Former railway station in Victoria, Australia

Rowsley railway station was a railway station on the Serviceton railway line. It was opened in 1889 when the track was laid through the small town of Rowsley, Victoria. A siding replaced the station in 1959. It was once the location of a branch line to Maddingley Mine.

== 1934 Royal train ==
The station was not generally used to allow trains to pass in opposite directions. The one occasion where a "cross" was scheduled was for the Royal Train on 27 October 1934, when the pilot locomotive running ahead of the special train was timed to cross a regular Up Serviceton train at Rowsley.

To make this possible all goods wagons at Rowsley had to be cleared out of the yard in advance. The pilot engine was scheduled to wait for 24 minutes, and the Royal train waited a similar length of time in the vicinity of the modern era Caroline Springs railway station, to make room on the single line for regular services to operate. Special arrangements had to be made to ensure that other trains would not try to occupy the sections between Parwan, Bacchus Marsh and Ingliston until the pilot locomotive was safely locked away in the loop track at Rowsley, due to the steep gradients of the line, and to ensure that the Royal train could not leave Parwan until the Serviceton train had arrived at Bacchus Marsh. To complicate operations further an additional "emergency engine" was also supplied, running ahead of the Pilot to Bacchus Marsh then following the Royal Train and a rescheduled Mildura service to Ballarat.

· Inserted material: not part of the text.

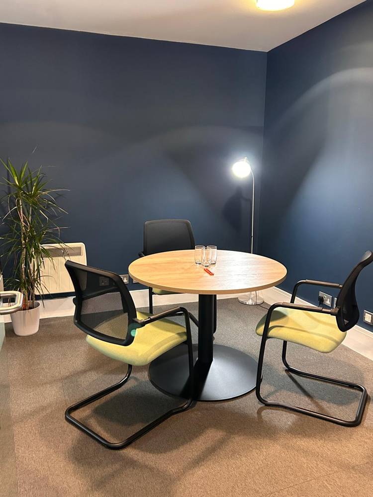 For collaboration and informal discussions, we created a dedicated meeting and breakout area featuring cantilever Phoenix chairs arranged around a sleek Trumpet Base Meeting table. This setup offers a comfortable, flexible spot for team conversations, quick catch-ups, or more relaxed client interactions.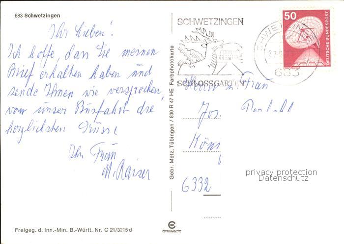 72504274 alte Postkarte Schwetzingen Fliegeraufnahme Schloss postalisch gelaufen Erhaltung siehe scans KatCode: 11110008226084

To achieve the switching-in of Rowsley as a crossing station the through Electric Staff for the section Bacchus Marsh - Ingliston was extracted and locked away to prevent use, thus releasing two Ordinary Train Staffs for the sections Bacchus Marsh - Rowsley and Rowsley - Ingliston. Rowsley was open as a crossing station on that day from 4:30 pm until shortly after 9 pm. Between Rowsley and Ingliston, Bank Box was also used as a telephone block post to permit the close operation of the Pilot engine, then the Royal train, the Mildura service and finally the emergency engine, all four passing Ingliston within a 1hr6min period.

The emergency engine had been A^{2}909, the pilot was A^{2}896 hauling Carey, two AW's and a CW; the Royal train was worked by A^{2}978 and A^{2}993 hauling Loddon, Dargo, Goulburn, Pekina, Avoca, No.4 State Car, Norman, and 19CE.